**Exercise input**.
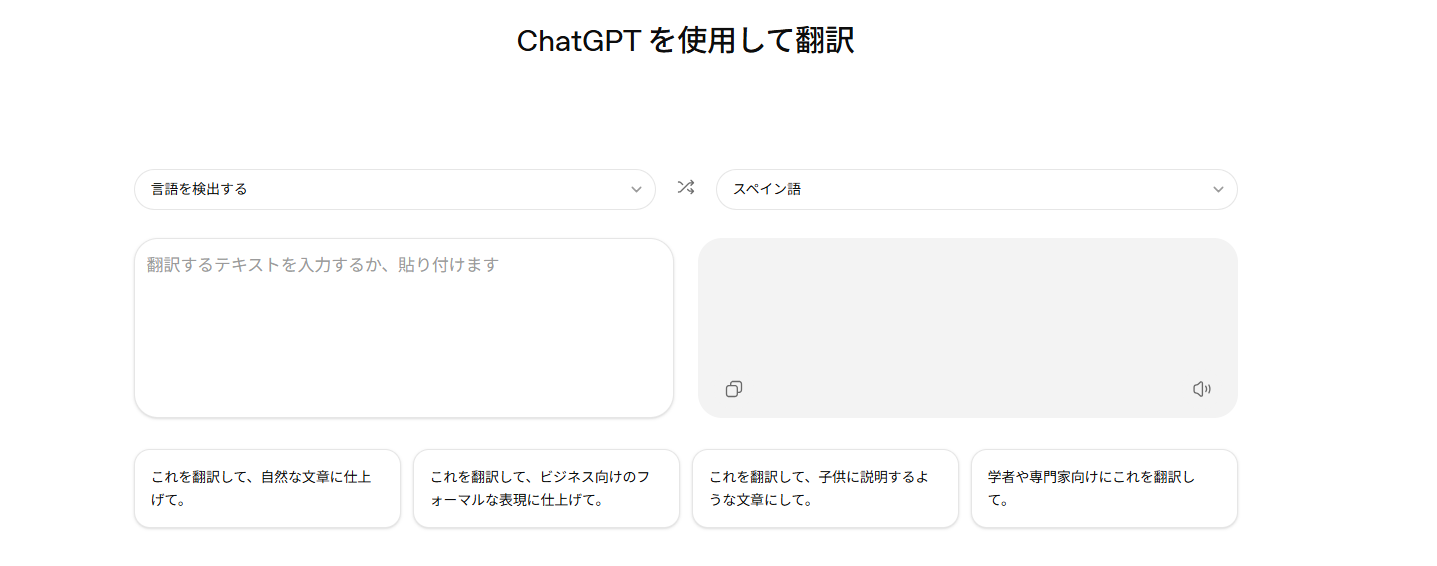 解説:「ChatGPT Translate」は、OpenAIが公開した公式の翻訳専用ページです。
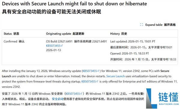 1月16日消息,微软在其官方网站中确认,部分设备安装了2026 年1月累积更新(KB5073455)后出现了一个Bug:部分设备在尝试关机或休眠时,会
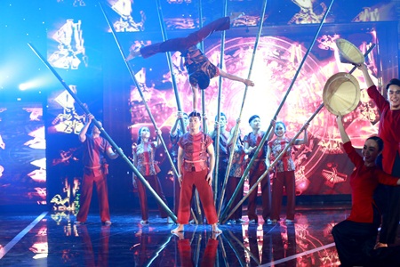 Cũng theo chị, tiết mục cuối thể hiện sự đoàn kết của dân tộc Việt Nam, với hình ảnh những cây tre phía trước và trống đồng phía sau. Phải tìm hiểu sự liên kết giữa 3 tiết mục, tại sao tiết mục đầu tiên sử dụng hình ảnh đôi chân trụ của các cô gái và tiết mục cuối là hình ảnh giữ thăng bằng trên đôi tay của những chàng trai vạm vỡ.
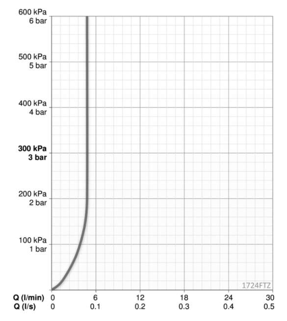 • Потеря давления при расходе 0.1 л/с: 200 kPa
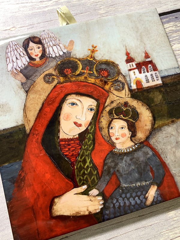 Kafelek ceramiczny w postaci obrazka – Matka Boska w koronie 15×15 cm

* * *

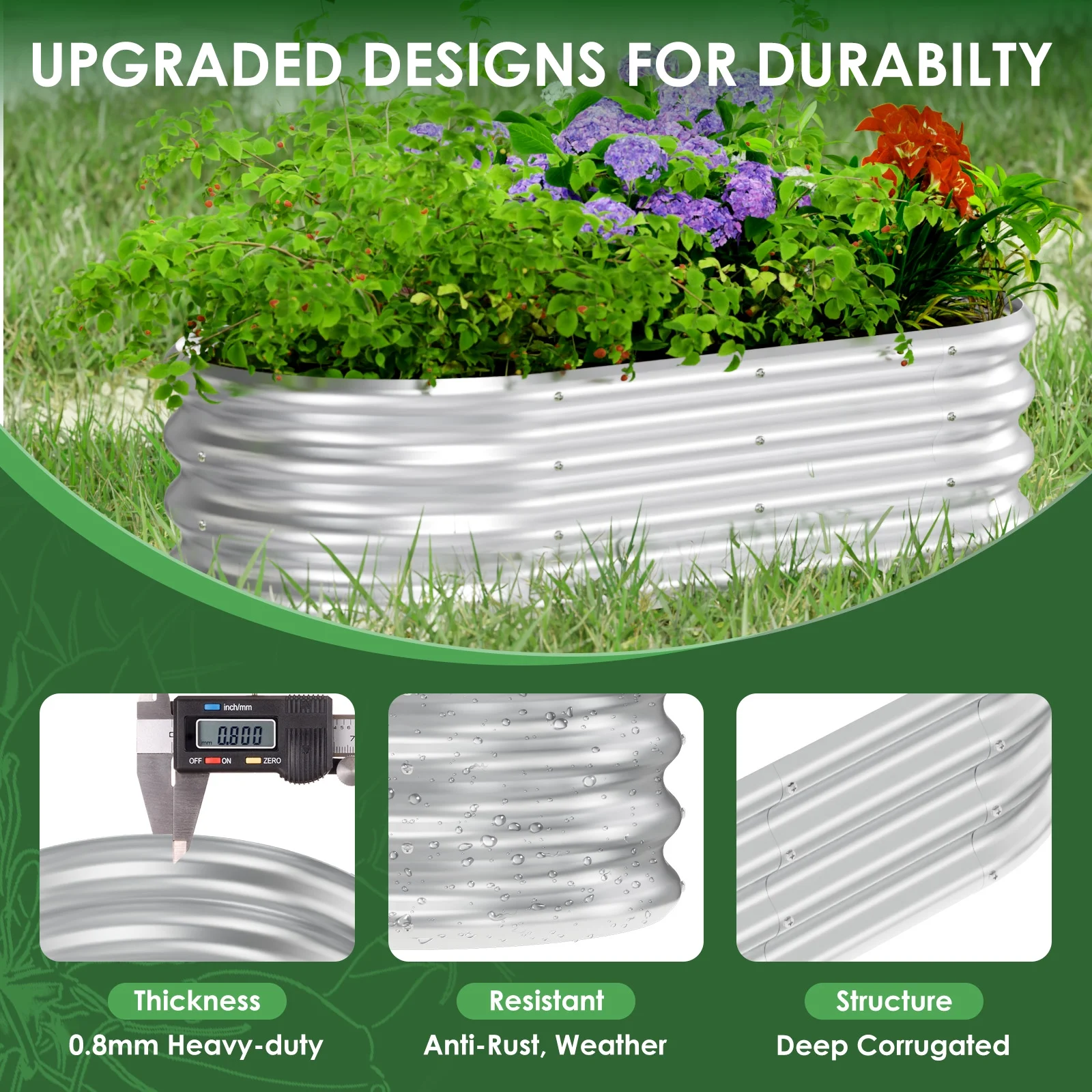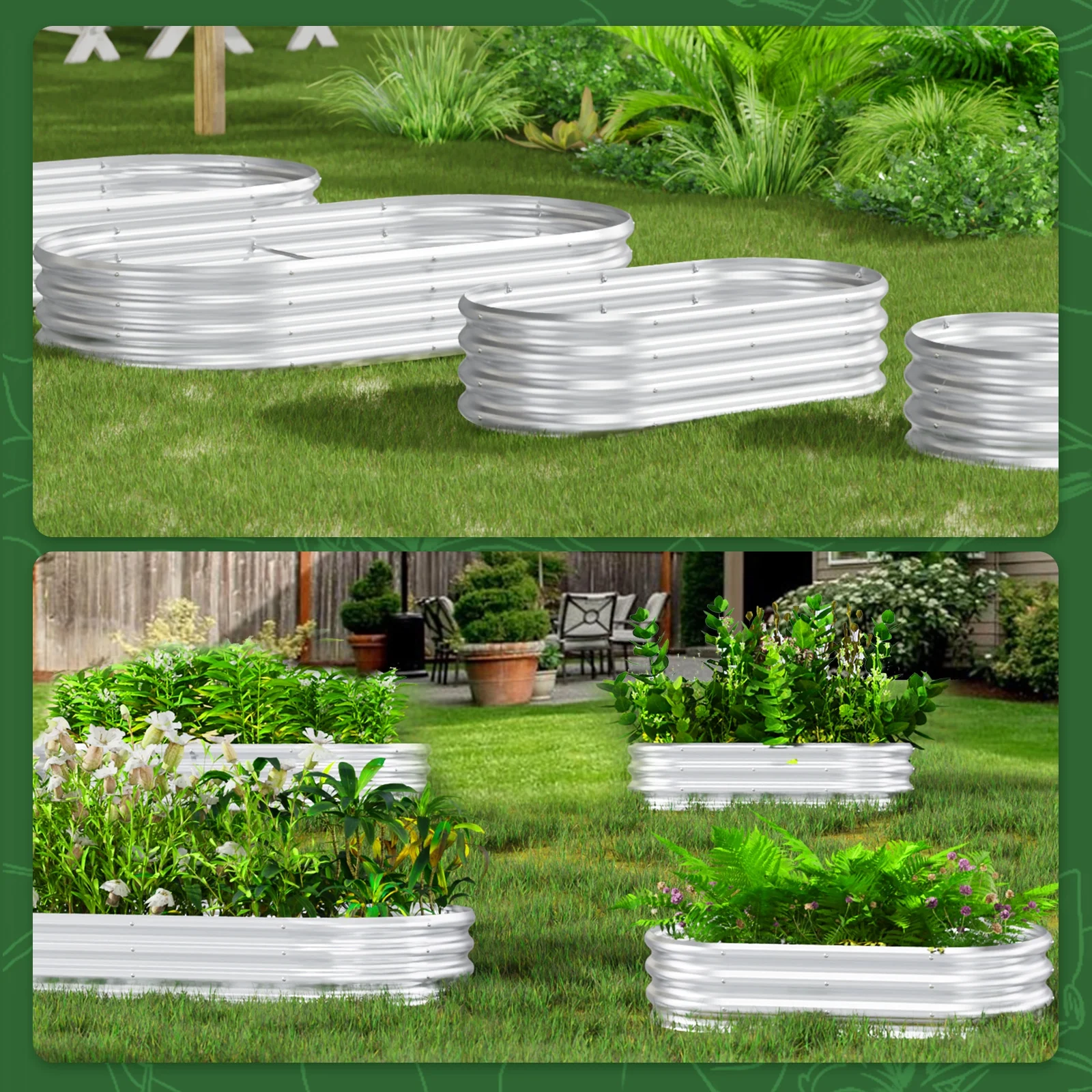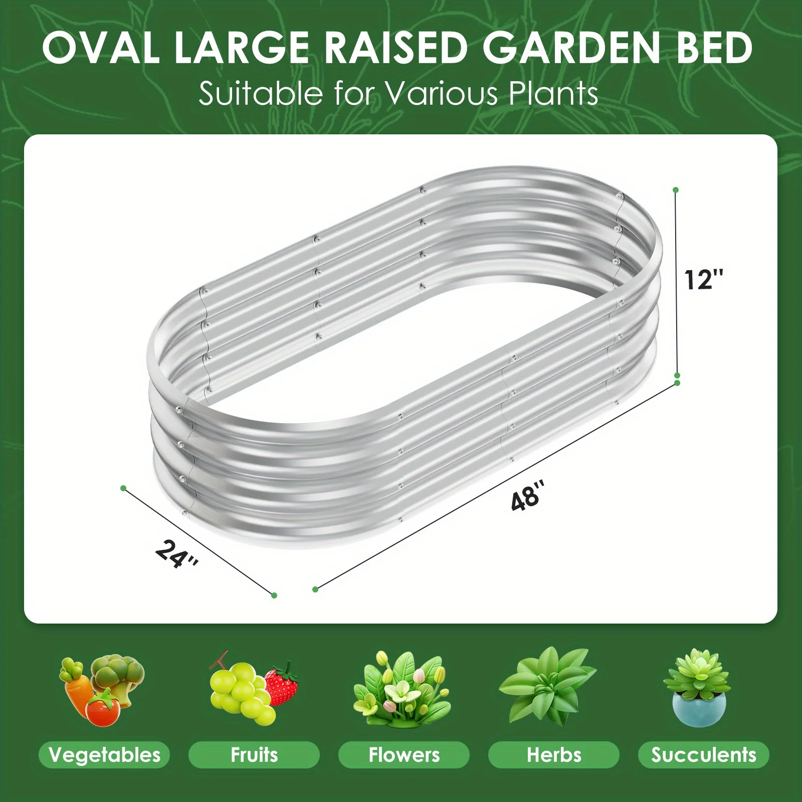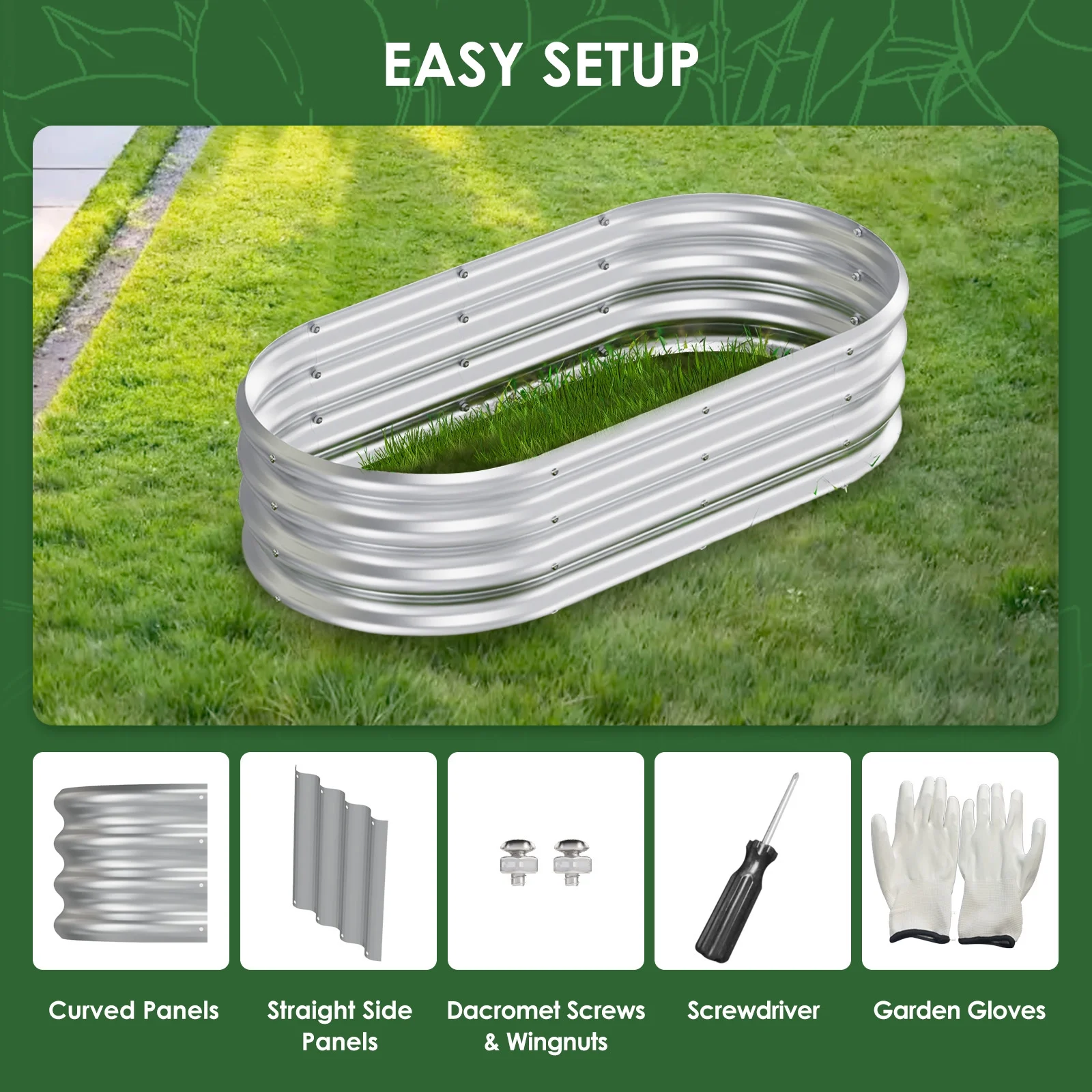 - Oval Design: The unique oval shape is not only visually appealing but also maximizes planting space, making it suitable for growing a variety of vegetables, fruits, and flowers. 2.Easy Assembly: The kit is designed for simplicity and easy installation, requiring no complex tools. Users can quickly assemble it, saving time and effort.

**How to complete this task**.
Leave out the images and write out the lines above exactly, from the one with "1月16日消息,微软在其官方" up to and including the one with "Kafelek ceramiczny w".

**Final answer**.
 1月16日消息,微软在其官方网站中确认,部分设备安装了2026 年1月累积更新(KB5073455)后出现了一个Bug:部分设备在尝试关机或休眠时,会
 Cũng theo chị, tiết mục cuối thể hiện sự đoàn kết của dân tộc Việt Nam, với hình ảnh những cây tre phía trước và trống đồng phía sau. Phải tìm hiểu sự liên kết giữa 3 tiết mục, tại sao tiết mục đầu tiên sử dụng hình ảnh đôi chân trụ của các cô gái và tiết mục cuối là hình ảnh giữ thăng bằng trên đôi tay của những chàng trai vạm vỡ.
 • Потеря давления при расходе 0.1 л/с: 200 kPa
 Kafelek ceramiczny w postaci obrazka – Matka Boska w koronie 15×15 cm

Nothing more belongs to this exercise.